PROBLEM DETAILS:
Write the data out again exactly, dropping any images it holds.

RECORDS FOR THIS EXERCISE:
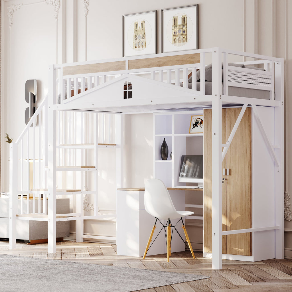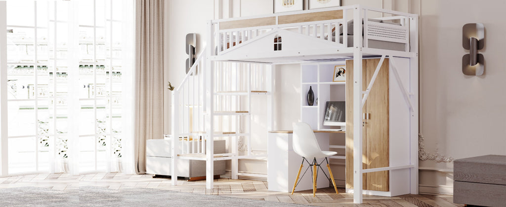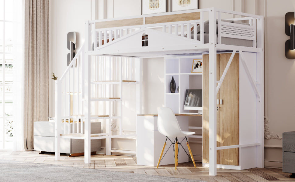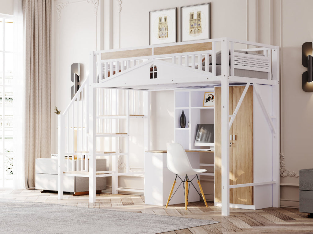 The raised construction of this loft bed provides ample space underneath, allowing you to create separate areas for your child to study, play, or rest. It also features safety steps on both sides to ensure safe access. Each step has built-in storage and a small cabinet for storing and organizing essentials.
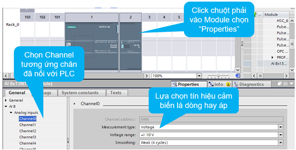 Bước 4: Cấu hình chân 0 của module analog là chân đọc tín hiệu analog về, ở trường hợp này chân này cấu hình dạng điện áp 0-10V (Nếu bạn dùng cảm biến analog 4-20mA thì chọn mục này là current-dòng điện)
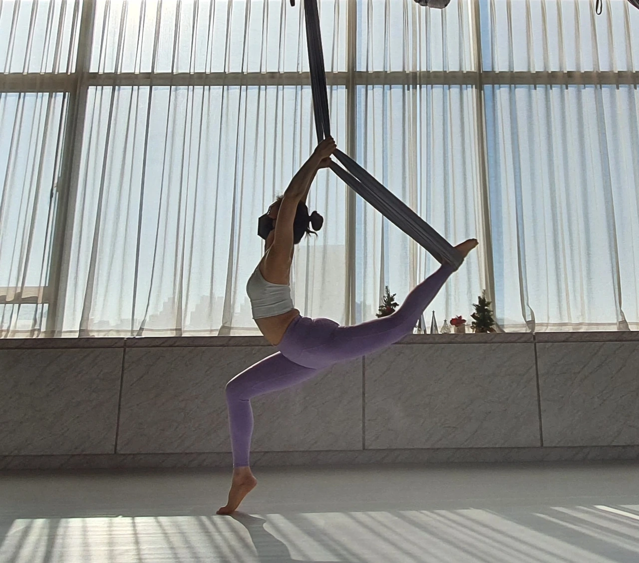 플라잉요가라 해서 공중부양만 하는 건 아니다. 근력과 유연성, 신체균형, 수련 등을 겸비한 운동이라 해먹으로 할 수 있는 동작은 무궁무진하다. 눕고 앉고 서고 나는, 자세만으로도 벌써 4가지이니 관련 동작은 얼마나 다양하겠는가. 바닥에서는 해먹의 도움으로 강도 높은 근력운동과 스트레칭을 할 수 있다. 해먹을 허벅지에 감아 높게 올라가는 동작은 코어, 등근육, 유연성 코스다. 기껏 올라왔는데 바닥까지 가서 새로운 동작을 하기보다는 내려가는 길에 다양한 동작들과도 연결된다.
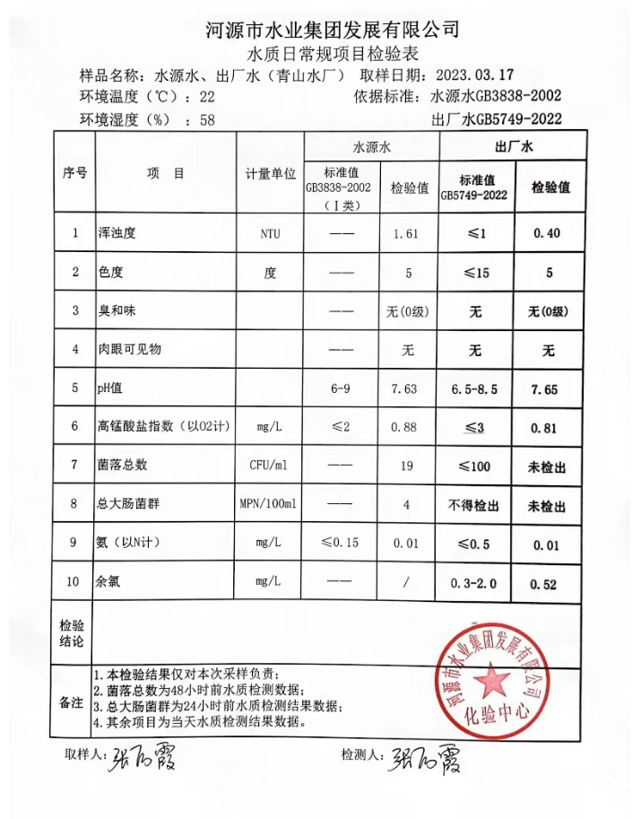 2023年3月17日水質檢驗報告
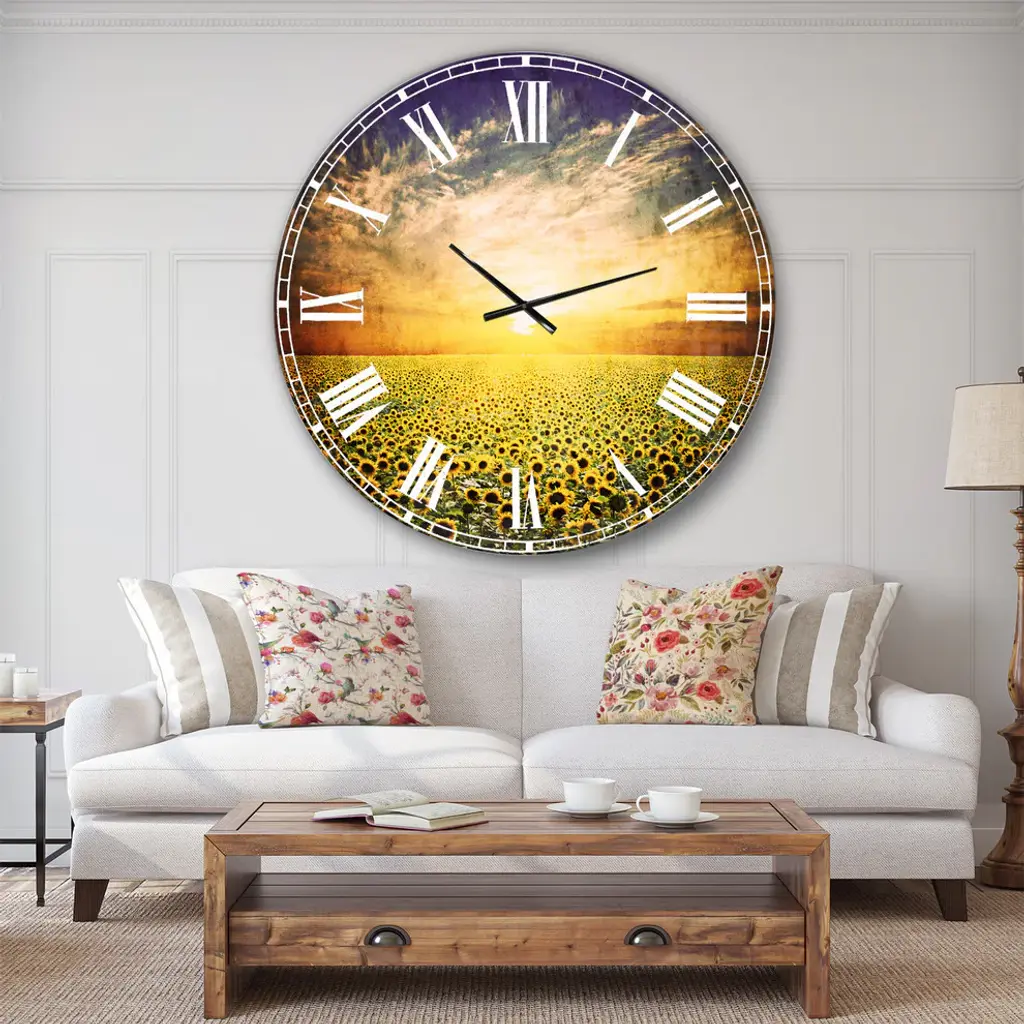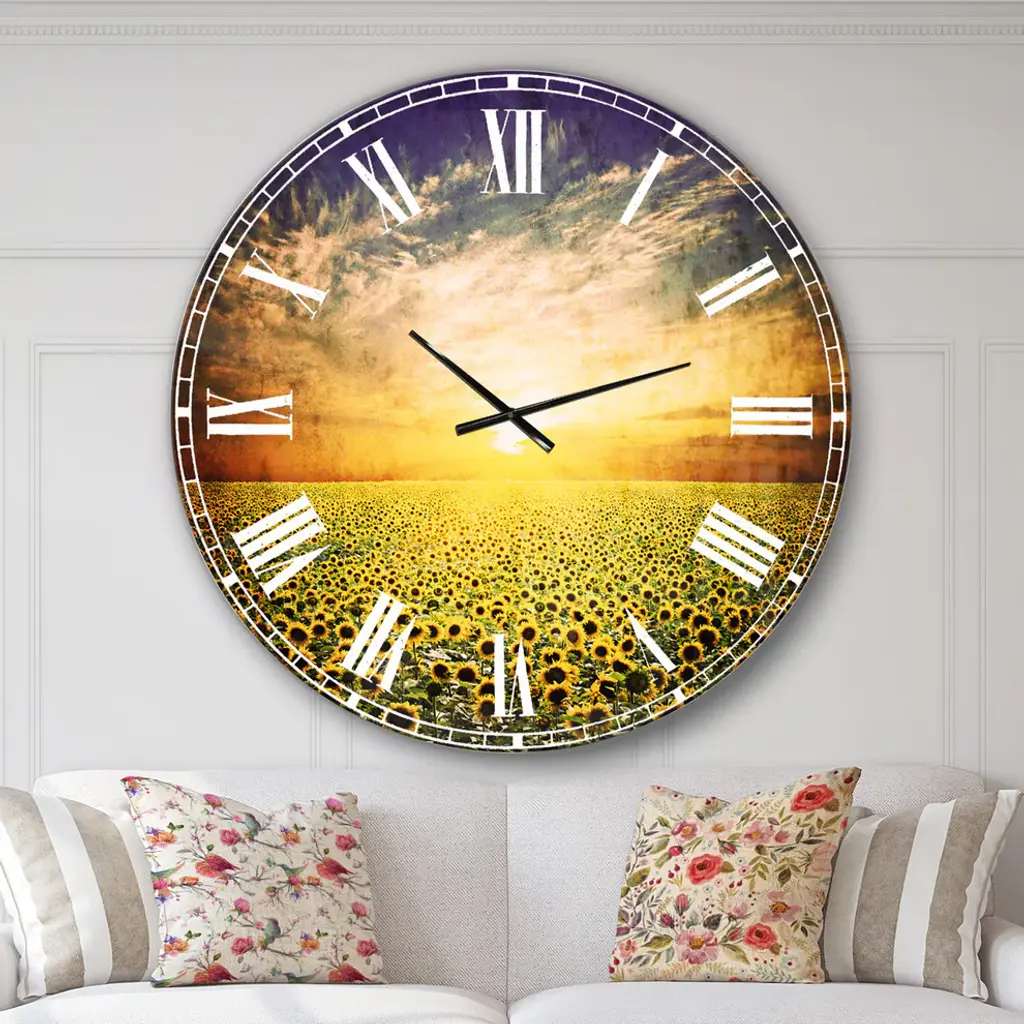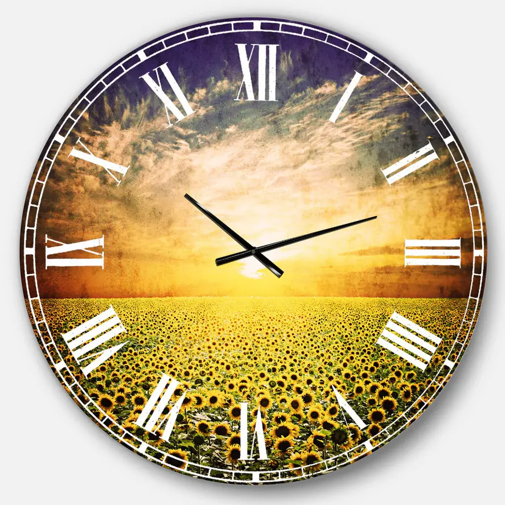 Beauty Sunset Over Sunflowers Field Floral Metal Clock, 36x36

EXERCISE RESULT:
 The raised construction of this loft bed provides ample space underneath, allowing you to create separate areas for your child to study, play, or rest. It also features safety steps on both sides to ensure safe access. Each step has built-in storage and a small cabinet for storing and organizing essentials.
 Bước 4: Cấu hình chân 0 của module analog là chân đọc tín hiệu analog về, ở trường hợp này chân này cấu hình dạng điện áp 0-10V (Nếu bạn dùng cảm biến analog 4-20mA thì chọn mục này là current-dòng điện)
 플라잉요가라 해서 공중부양만 하는 건 아니다. 근력과 유연성, 신체균형, 수련 등을 겸비한 운동이라 해먹으로 할 수 있는 동작은 무궁무진하다. 눕고 앉고 서고 나는, 자세만으로도 벌써 4가지이니 관련 동작은 얼마나 다양하겠는가. 바닥에서는 해먹의 도움으로 강도 높은 근력운동과 스트레칭을 할 수 있다. 해먹을 허벅지에 감아 높게 올라가는 동작은 코어, 등근육, 유연성 코스다. 기껏 올라왔는데 바닥까지 가서 새로운 동작을 하기보다는 내려가는 길에 다양한 동작들과도 연결된다.
 2023年3月17日水質檢驗報告
 Beauty Sunset Over Sunflowers Field Floral Metal Clock, 36x36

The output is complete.